To these prisoners, the imagination pushed them towards scenes of their usual life, prior to confinement. The curious thing is that they did not relive happy, brilliant or outstanding events or happenings, no; they usually recreated, with tenderness, the smallest details of an ordinary day: I could see myself at the bus stop, locking the apartment, answering the phone (Frankl); a comfortable armchair, the creak of the house key (Szpilman); a soft bed, my mother's caress (Wiesel); a wonderful hot bath (Levi); my mother adjusting my father's tie, grandmother's sweetness (Sepetys)... The memories "flew to these home details with such intensity that they almost brought tears to our eyes" (Frankl).
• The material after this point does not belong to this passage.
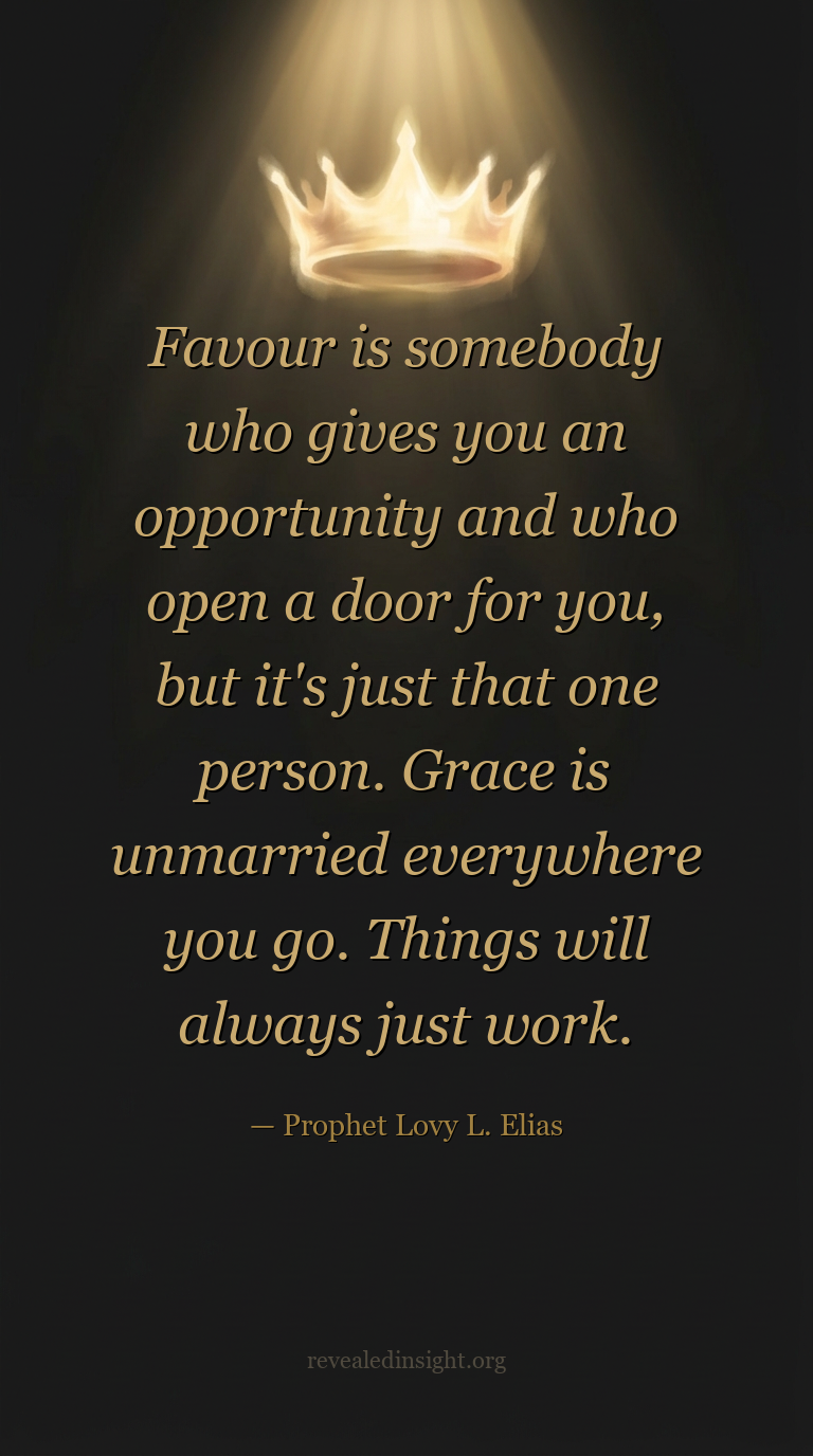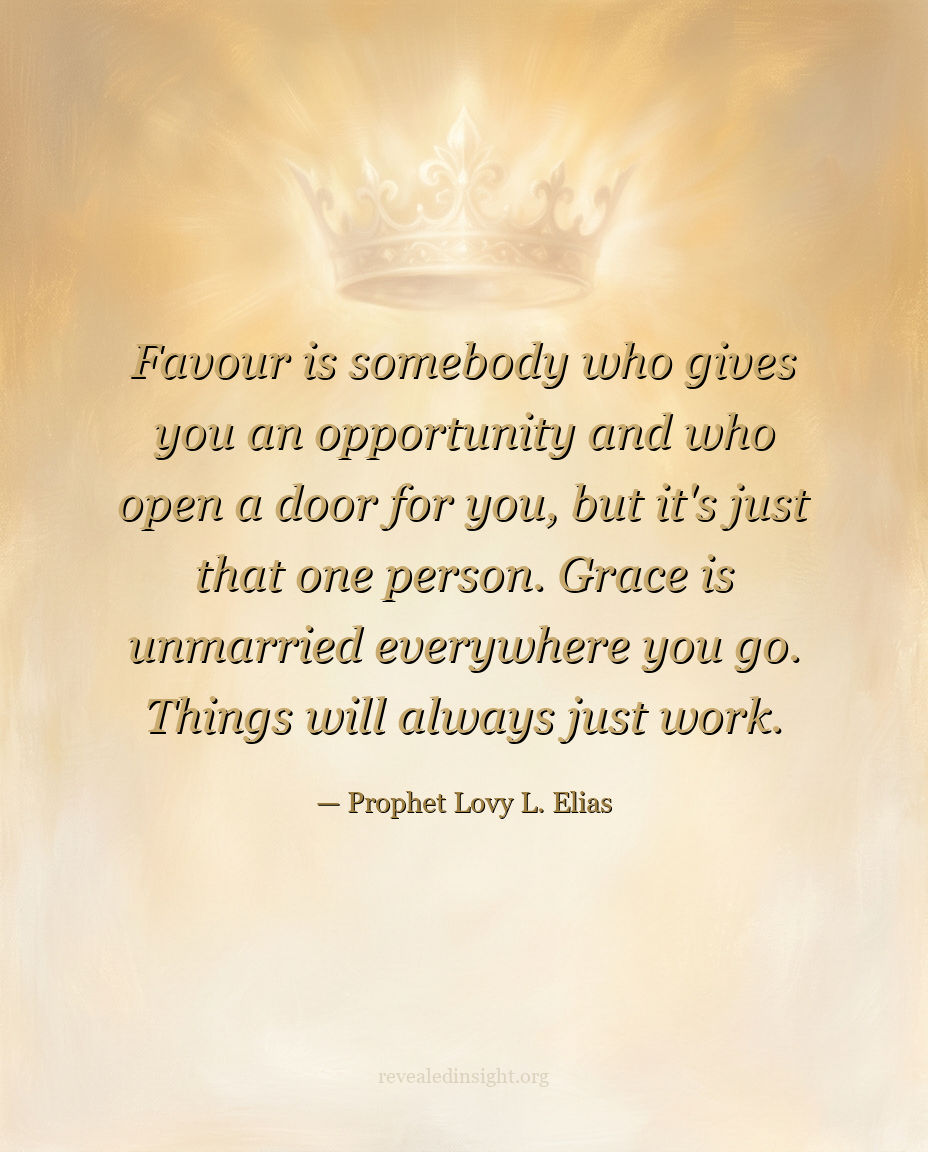 "Favour is somebody who gives you an opportunity and who open a door for you, but it's just that one person. Grace is unmarried everywhere you go. Things will always just work."

Perhaps we could have some doubts about the authenticity of these experiences, and consider them as fantasies provoked by the strong commotion of the internment or by the deep affective turmoil. The answer is no, a resounding no. Those prisoners lived with death hidden behind a near dawn; and, in the face of death, one is not for lyricism or artificial tenderness. Therefore, they aroused authentic nostalgia, and awakened the will to live; in such a way that Primo Levi baptized these emotions with a beautiful German word that can be translated as "home pain"...

That pain at home... it moved me! And it shook me to question myself about normal life: doesn't the same thing happen in our day to day life; do we reflect on those homey details; do we notice them; do we appreciate them; do we enjoy them; do we enjoy them?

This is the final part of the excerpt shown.